Two carefully tied do-rags later, I'm down the stairs and in … a clean kitchen that doesn't smell like mold or sour milk. Even the floor is shiny. I must have been in the shower a long time!

“Mama, you didn't have to—”

“I know.” She brings over a glass of iced tea and hands it to me. “I like this place,” she says. “It has character.” She sits at the table, which is also shiny. “When you first told me about it, I didn't believe it. You have yourself a real home here.”

I sit opposite her and take a sip. It's sweet. Damn. She even brought her own sweetened tea for me to drink, and now I'm crying in it.

“Too sweet?” she asks, which is what she always used to ask, and now she's here asking it again and I'm crying and I can't explain why, and suddenly I'm standing and she's holding me and I'm saying, “I'm sorry,
Mama, I'm so sorry,” and she's just humming something beautiful the whole time in my ear.

She gently pushes me away. “Are you going to tell me about it now?”

And then I tell it all, talking about Karl, my African god, gone away; about Juan Carlos, my romantic stallion, gone away; about Roger, my earth brother, gone away—and she doesn't interrupt me even once.

“That's … that's about it, Mama.”

She gets us some more iced tea. “I just knew something was wrong, and now I know what.” She sits and takes a sip. “Too sweet.”

“Just right,” I say.

She takes another sip. “Do you miss them?”

I nod.

“All
of them?”

“Yes.”

“Well, you can't have them all, Erlana,” Mama says.

“But I did. I did have them all.”

She stares me down. “After all you just told me, you have to know that you can't have them all.” She looks side to side, raising and lowering her chin. Then she looks under the table. “Because they ain't here no mo'.”

And now she's talking all country? Cussing and country. This place seems to get to everyone.

“I know, I know,” I say. “I
used
to have them. I have to keep telling myself that.”

She sighs. “Oh, you never know. You might still have them, and they're just being stubborn.”

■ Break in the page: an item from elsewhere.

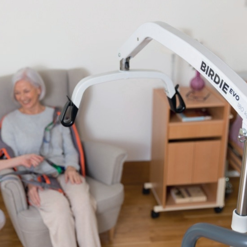 Le Birdie Evo Compact convient aux personnes à mobilité réduite, personnes âgées ou en convalescence, nécessitant une aide sécurisée pour les transferts. C’est un équipement essentiel pour le maintien à domicile et le confort des aidants.

“It's been almost two months, Mama. They're not coming back.”

“Is that what you think?”

“Yes.”

“Hmm. And you thought this little foursome would last, too.” She smiles. “I wouldn't put too much stock in any thoughts you have, Erlana.”

“Thanks a lot.”

“You're welcome.” She stares into my eyes. “Which one of them still makes your heart hurt?”

A question out of left field. “They all do.”

She shakes her head. “I don't think so. One of them makes your heart hurt the most. Who is it, Erlana?”

All of them make my heart hurt, but if I'm truly honest about it … “Roger.”

“Because he proposed to you?”

“No. Because we used to talk, really talk.”

Mama nods. “And which one excited you the most?”

That's easy. “Karl.”

“He's good?”

“What do you know about ‘good,' Mama?”

She opens her eyes wide. “Your daddy was
good
.”

I giggle. “Karl was good, then.”

She nods. “Just one more question. Which one romanced you the most?”

“Juan Carlos.”

“Hmm,” she says, a twinkle in her eye. “I'm beginning to understand it all now. Are you?”

Understand what? “No.”

“Put them all together, Erlana, and you'll have your daddy.”

Gross!

I mean, what?

I've been dating my daddy?

“Your daddy was all of that.”

I see Roger, Karl, and Juan Carlos in my head.

Jeans. Boots. Long-sleeved shirts for the most part. Working men. Damn, she's kind of right, but …

“Mama, I'm not trying to date my daddy.”